Define a 2D array. Each element of the array represent the minimum sum starting from top left point to this point. For example, dp[i][j] = 5 means that starting from (0, 0) to (i, j), the minimum sum is 5.

The value on the first row, it is only reachable from its left point. And first column is only reachable from its up point.
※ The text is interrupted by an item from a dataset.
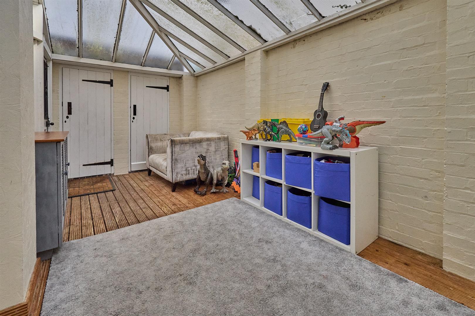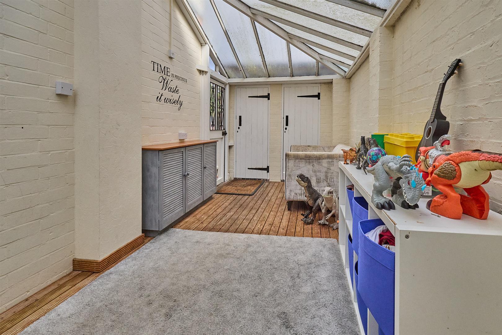 With wood strip flooring, built in storage cupboards, communicating door to the garage, wood and glazed door leading to the rear garden, further door to

For other points, the minimum sum is the sum of itself and minimum value of the point up it and left to it. Thus we have our dynamic programming formula: dp[i][j] = grid[i][j] + Math.min(dp[i - 1][j], dp[i][j - 1]). And we start to fill the dp array from second row.

// result grid
int[][] dp = new int[grid.length][grid[0].length];

dp[0][0] = grid[0][0];

// fill the first row, one reachable from its left point
for (int i = 1; i < grid[0].length; i++) {
    dp[0][i] = dp[0][i - 1] + grid[0][i];
}

// fill the first column, one reachable from its up point
for (int i = 1; i < grid.length; i++) {
    dp[i][0] = dp[i - 1][0] + grid[i][0];
}

// only one row or column
if (grid.length == 1 || grid[0].length == 1) {
    return dp[grid.length - 1][grid[0].length - 1];
}

// start from [1, 1], fill the result array
for (int i = 1; i < grid.length; i++) {
    for (int j = 1; j < grid[0].length; j++) {
        dp[i][j] = grid[i][j] + Math.min(dp[i - 1][j], dp[i][j - 1]);
    }
}

return dp[grid.length - 1][grid[0].length - 1];